━━ Data extract ━━

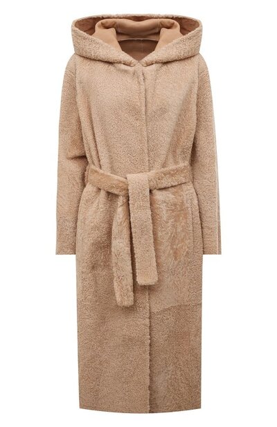 Для создания бежевой шубы с глубоким капюшоном команда марки использовала мягкую овчину, которую тонко выделали вручную, чтобы сделать легче и эластичнее. Модель лишили подкладки, поэтому она лучше садится по фигуре и не сковывает движения. В комплекте — длинный пояс-лента, подчеркивающий талию.
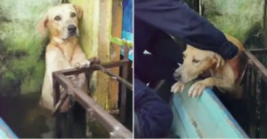 El perrito estaba con la mitad de su cuerpo bajo el agua, parado sobre sus dos extremidades inferiores, sosteniéndose de la estructura metálica de una vivienda.
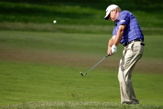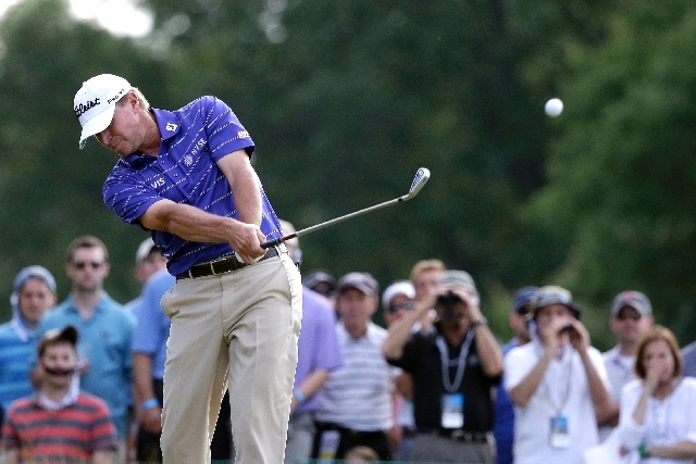 They were at even-par 210 along with Stricker, who made a 10-foot par putt on the 18th hole to complete the steadiest round of the day. His only mistake in a round that lasted 5 1/2 hours under sunshine was a tee shot into the water on the par-3 ninth for a double bogey. Stricker had a 70.

━━━

Exercise directions
Every line above should be retyped exactly; the pictures do not belong in the copy.

Expected answer
 Для создания бежевой шубы с глубоким капюшоном команда марки использовала мягкую овчину, которую тонко выделали вручную, чтобы сделать легче и эластичнее. Модель лишили подкладки, поэтому она лучше садится по фигуре и не сковывает движения. В комплекте — длинный пояс-лента, подчеркивающий талию.
 El perrito estaba con la mitad de su cuerpo bajo el agua, parado sobre sus dos extremidades inferiores, sosteniéndose de la estructura metálica de una vivienda.
 They were at even-par 210 along with Stricker, who made a 10-foot par putt on the 18th hole to complete the steadiest round of the day. His only mistake in a round that lasted 5 1/2 hours under sunshine was a tee shot into the water on the par-3 ninth for a double bogey. Stricker had a 70.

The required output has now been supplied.